* [MATERIALS PROVIDED]:
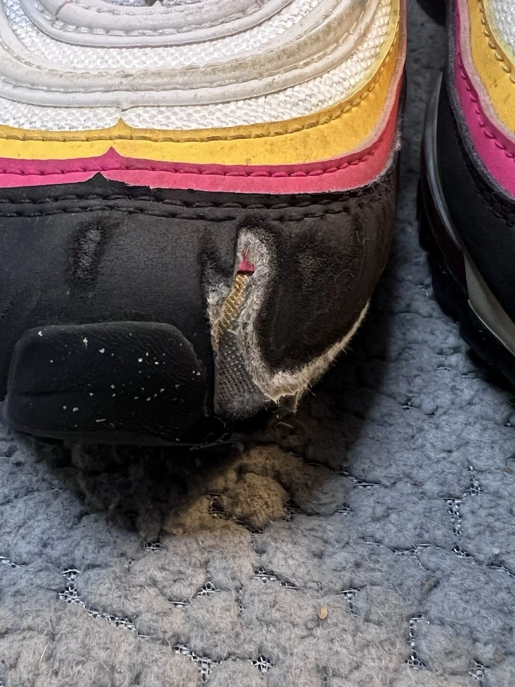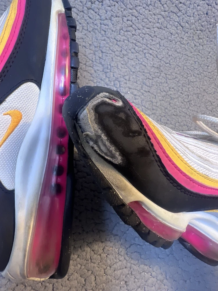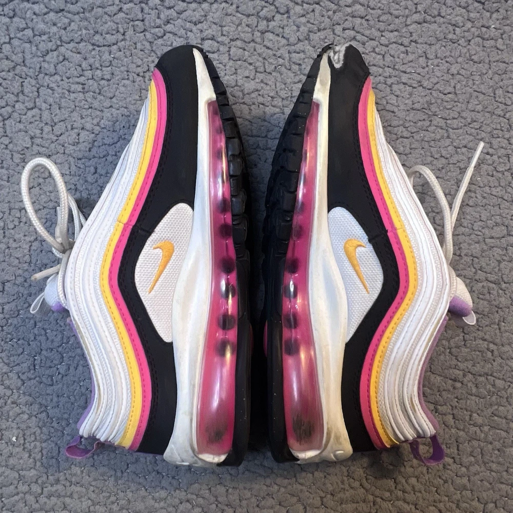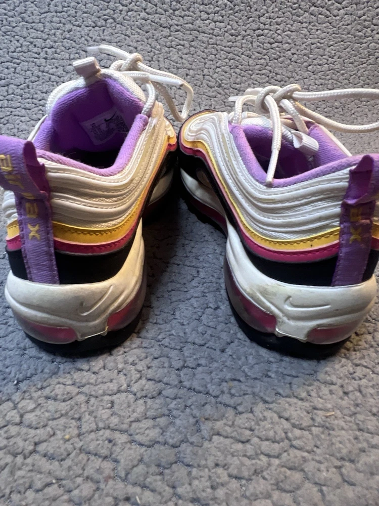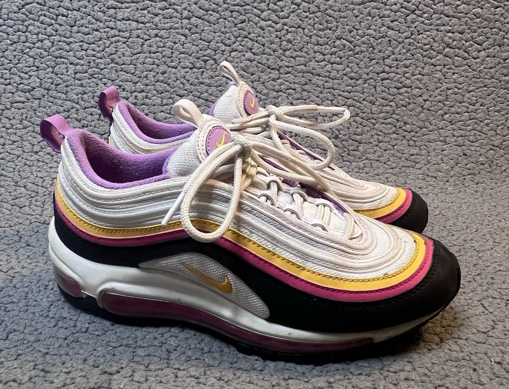 Nike Air Max 97 GS Dawn & Dusk Sneakers Girls Size 4Y White And Yellow DM8353100 good condition any flaws are shown in photos one shoe has what looks to be a slice on front as shown in photos other than that shoes are in good condition SKU(A315)
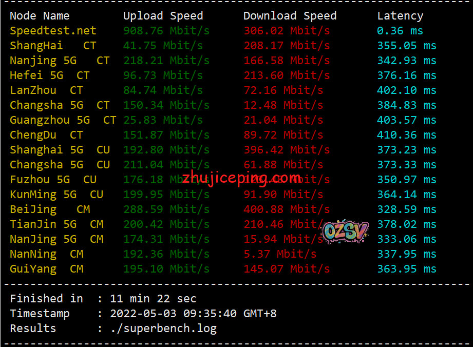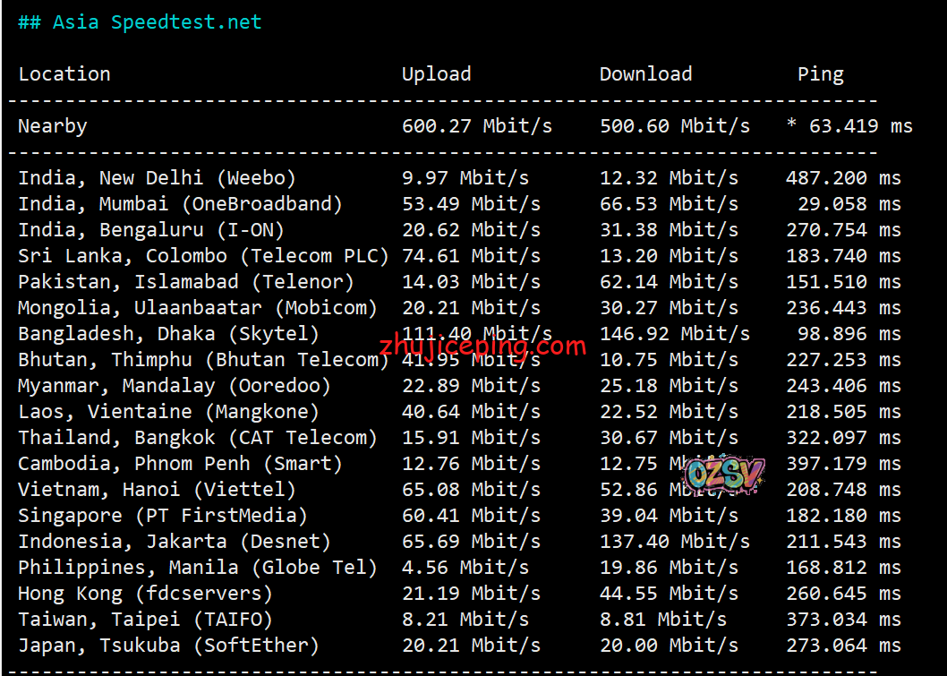 speedtest.net测试下带宽可以跑到多少,第一个就近节点大致可以看出1Gbps带宽是没问题的。其余国内三网节点变化就比较大了,整体来看联通和移动的效果比电信的好:
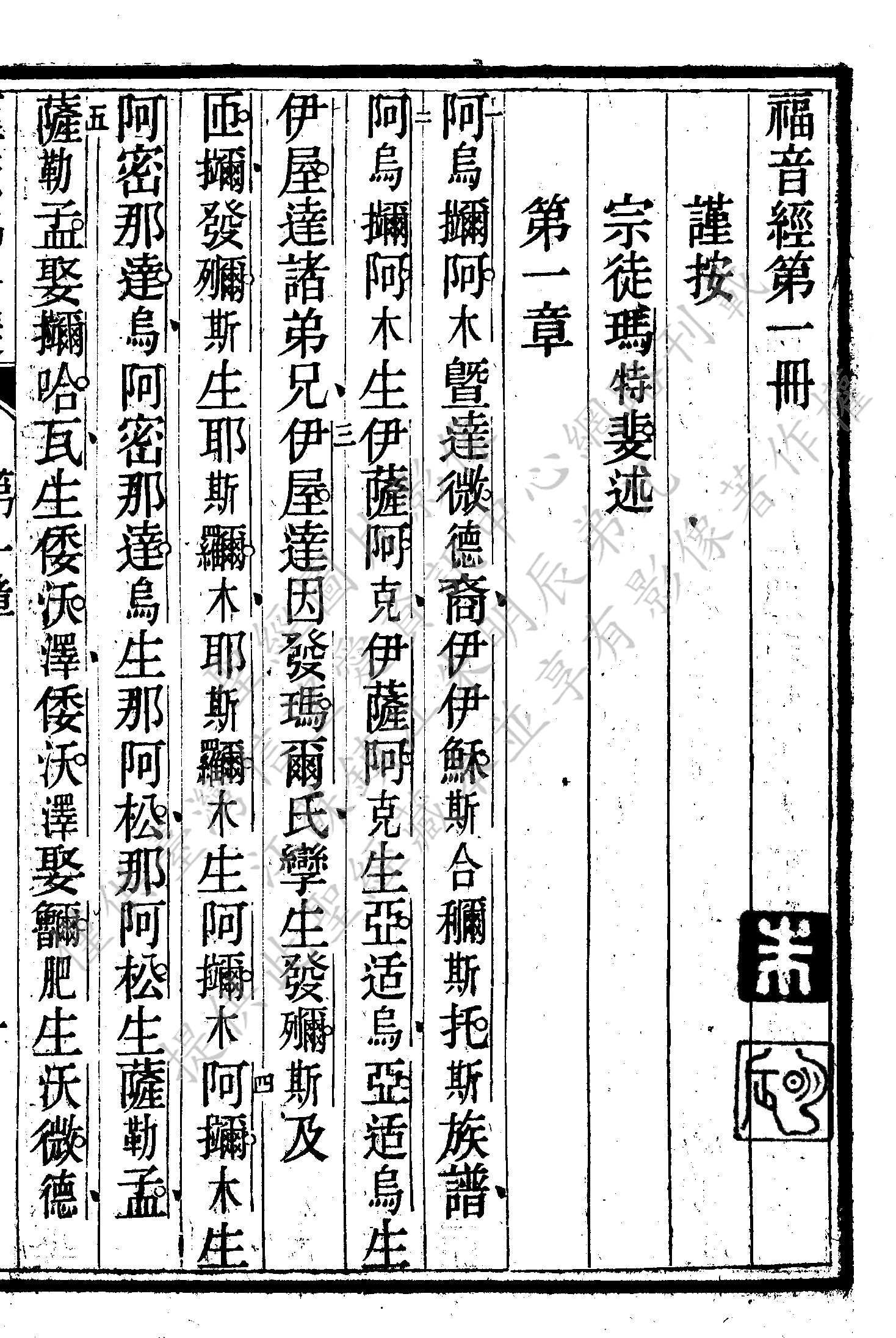 1864年新約全書 馬太福音 1 章 1 節到 1 章 5 節
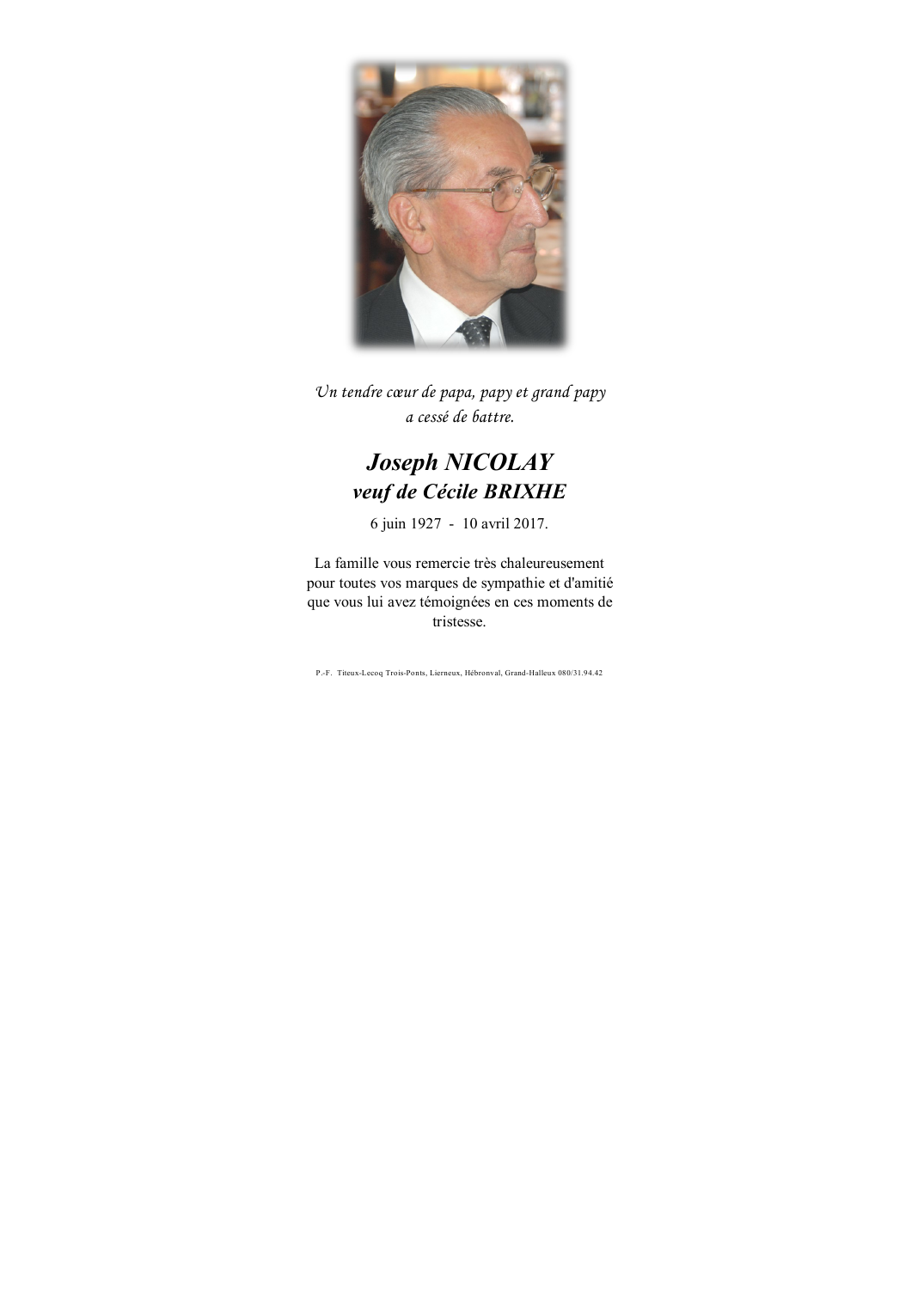 Overleden te Vielsalm (6690) op maandag 10 april 2017 op 89-jarige leeftijd
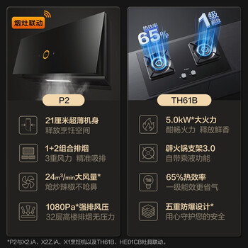 方太油烟机抽油烟机套装A-MAX方太集成烹饪中心1灶具天然气 全面屏 烟灶联动灶套装P2+TH61B 烟灶组套到手价格不高于6099元。

* [ASSIGNED TASK]:
Images aside, return each entry above precisely as it stands.

* [RESPONSE]:
 Nike Air Max 97 GS Dawn & Dusk Sneakers Girls Size 4Y White And Yellow DM8353100 good condition any flaws are shown in photos one shoe has what looks to be a slice on front as shown in photos other than that shoes are in good condition SKU(A315)
 speedtest.net测试下带宽可以跑到多少,第一个就近节点大致可以看出1Gbps带宽是没问题的。其余国内三网节点变化就比较大了,整体来看联通和移动的效果比电信的好:
 1864年新約全書 馬太福音 1 章 1 節到 1 章 5 節
 Overleden te Vielsalm (6690) op maandag 10 april 2017 op 89-jarige leeftijd
 方太油烟机抽油烟机套装A-MAX方太集成烹饪中心1灶具天然气 全面屏 烟灶联动灶套装P2+TH61B 烟灶组套到手价格不高于6099元。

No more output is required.